"""

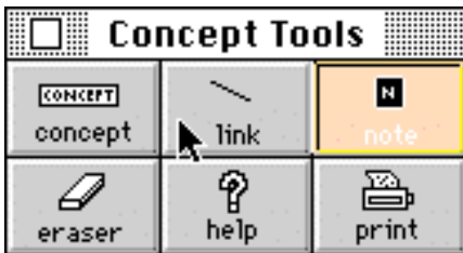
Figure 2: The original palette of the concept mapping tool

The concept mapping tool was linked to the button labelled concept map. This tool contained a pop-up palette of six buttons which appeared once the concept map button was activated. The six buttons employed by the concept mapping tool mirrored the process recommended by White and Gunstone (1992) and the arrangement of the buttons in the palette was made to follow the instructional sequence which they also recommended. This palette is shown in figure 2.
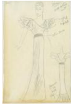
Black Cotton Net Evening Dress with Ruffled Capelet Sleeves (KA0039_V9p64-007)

"""
"""

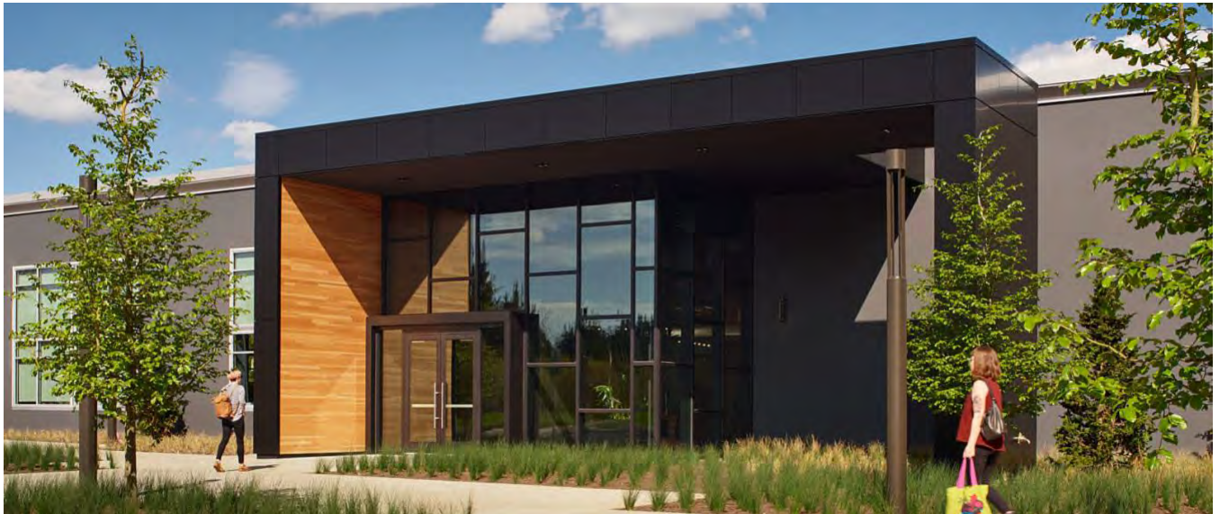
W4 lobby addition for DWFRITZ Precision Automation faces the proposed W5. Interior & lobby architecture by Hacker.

"""

#### WORK INSTRUCTIONS
Your reply should hold all the lines from the listing above in which "palette" appears.

#### RESPONSE BOX
Figure 2: The original palette of the concept mapping tool
The concept mapping tool was linked to the button labelled concept map. This tool contained a pop-up palette of six buttons which appeared once the concept map button was activated. The six buttons employed by the concept mapping tool mirrored the process recommended by White and Gunstone (1992) and the arrangement of the buttons in the palette was made to follow the instructional sequence which they also recommended. This palette is shown in figure 2.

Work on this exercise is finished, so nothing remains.